There would be so much to say about this deplorable mentality which left Armenia and the Republic of Nagorno-Karabakh without solution or defense against the enemy. Before criticizing those who rose up in 2018 against this moral decay, this political blindness, and who paid the price for his legacy at the time of the war, wouldn’t these former leaders be well advised to sweep in front of their door? To lower their heads before their people, to recognize their errors, their fault, their incompetence? Or, at the very least, to be forgotten?

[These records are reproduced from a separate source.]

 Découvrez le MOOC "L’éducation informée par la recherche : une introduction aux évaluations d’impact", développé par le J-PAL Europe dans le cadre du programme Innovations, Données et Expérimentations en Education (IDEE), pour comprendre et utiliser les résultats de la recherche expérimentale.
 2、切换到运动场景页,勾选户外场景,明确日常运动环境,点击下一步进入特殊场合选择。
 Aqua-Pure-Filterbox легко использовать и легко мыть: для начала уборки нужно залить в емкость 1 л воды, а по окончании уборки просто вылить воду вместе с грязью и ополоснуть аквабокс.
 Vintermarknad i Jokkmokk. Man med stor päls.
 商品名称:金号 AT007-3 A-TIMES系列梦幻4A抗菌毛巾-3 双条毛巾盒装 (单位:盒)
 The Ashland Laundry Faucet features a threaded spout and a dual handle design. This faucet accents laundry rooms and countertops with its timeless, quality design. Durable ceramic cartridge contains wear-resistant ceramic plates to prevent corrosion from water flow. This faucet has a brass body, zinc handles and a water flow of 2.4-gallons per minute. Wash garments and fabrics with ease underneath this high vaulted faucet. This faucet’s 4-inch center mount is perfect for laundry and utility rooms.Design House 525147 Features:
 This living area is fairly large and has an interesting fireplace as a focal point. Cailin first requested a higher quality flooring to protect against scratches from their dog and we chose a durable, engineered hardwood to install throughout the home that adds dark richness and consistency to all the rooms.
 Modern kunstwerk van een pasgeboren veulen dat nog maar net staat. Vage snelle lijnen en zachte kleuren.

Finally, what about the political content of the speeches of these “opponents,” who claim to want a government of national unity, while trampling on the honor of their adversary, who issue hollow and demagogic slogans on “security” after having blithely sold it off when they were in business, who appeal to this “solidarity” of which they made so much fun by crushing shamelessly the people who ended up driving them out, who advocate “stability”, after having tried to insist on firing on the crowd on March 1, 2008. These beautiful recipes of “strong Armenia” that they claim today, why did they not apply them when they had the opportunity, rather than digging the country’s grave?

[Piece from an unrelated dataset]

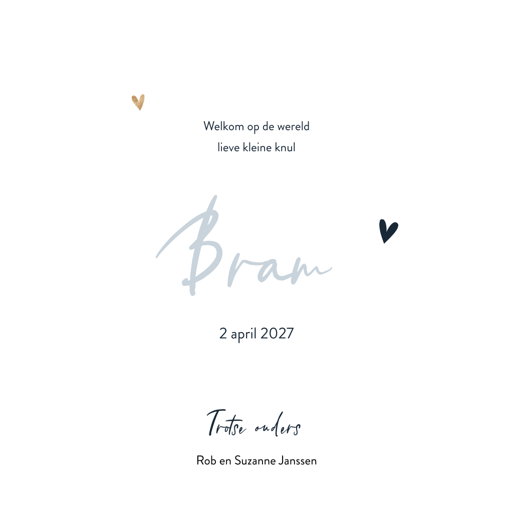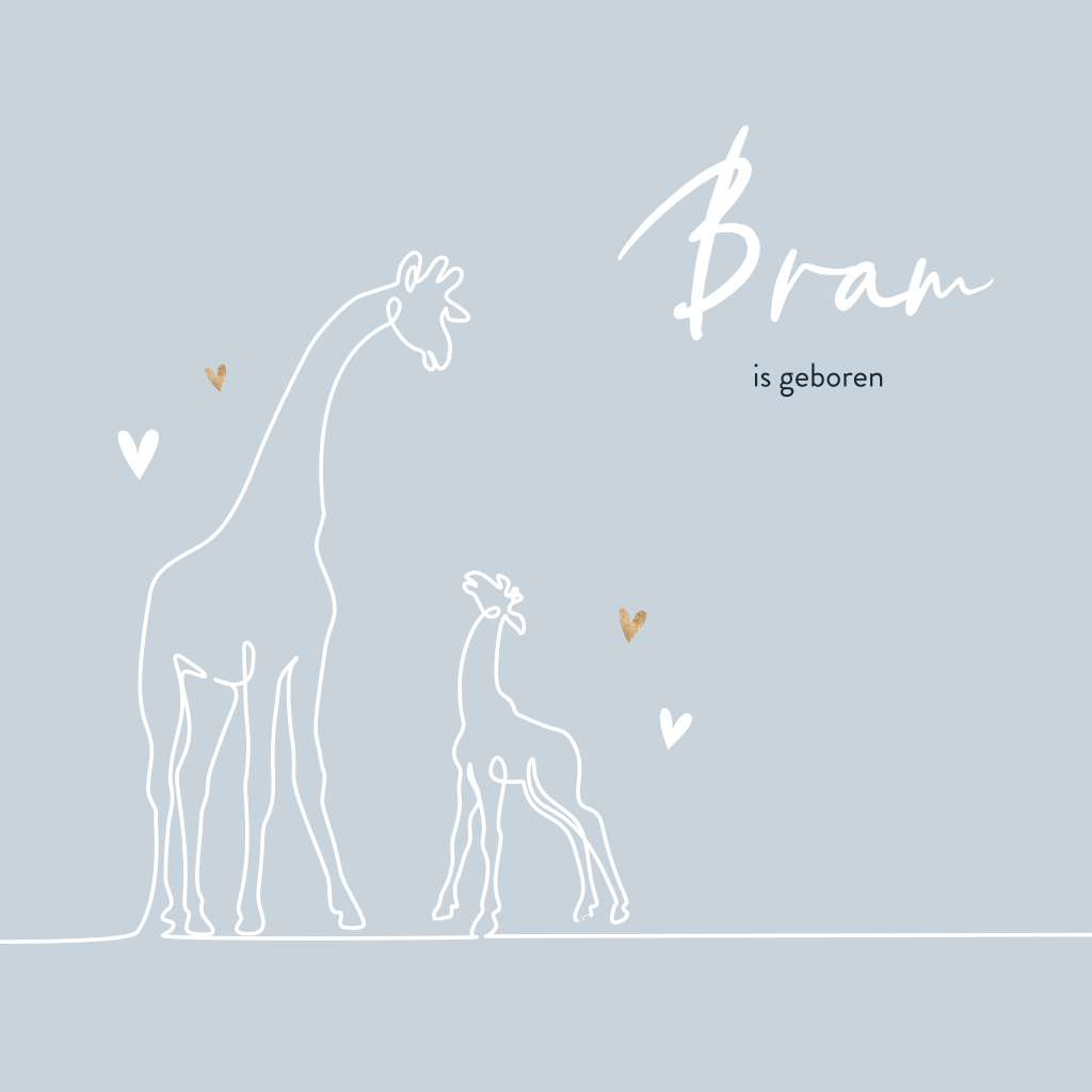 Dit lieve geboortekaartje met een lijntekening van giraffen is perfect om de geboorte van jullie zoontje aan te kondigen. De hartjes in combinatie met de lijntekening maken er een speels en hip geheel van. Je kunt de kleuren en lettertypes gemakkelijk aanpassen in onze handige ontwerptool.

Democracy takes work. Armenia, which certainly still has a lot of progress to make in this area, deserves better than this opposition, whose only claim to glory is allegiance to Putin… The nation is saturated with demagoguery. Which Armenian rejoices in defeat? Who doesn’t care about the return of the Pan-Turkism? Who is not worried about the isolation of the country, nor fears for its future? Politics is the art of the possible. The nation needs reflection, solution, dialogue. There are institutions for that, and in the first place Parliament. Instead of strengthening them and thereby participating in the consolidation of the state, some have again chosen destabilization by the street, on the grounds that they themselves have been thrown out by the street. A primary reflex that quickly ignores the fact that the despotism they exercised for 20 years offered no other alternative at the time than popular uprising. What was done. Fortunately. It’s time to realize that things have changed. And that the only worthwhile revolution requires a change of model, the passage from a destructive and sterile opposition, from a front of permanent refusal, to a constructive opposition endowed with a real capacity for proposal.
(Ara Toranian, 67, has been an activist for the Armenian cause since the 1980s. He is the founder of the newspaper Hay Baykar (Armenian Combat) and editor of the French magazine Les Nouvelles d’Armenie since 1994. He is also co-president of the Council Coordination of Armenian Organizations of France (CCAF), with Mourad Papazian, since 2012.)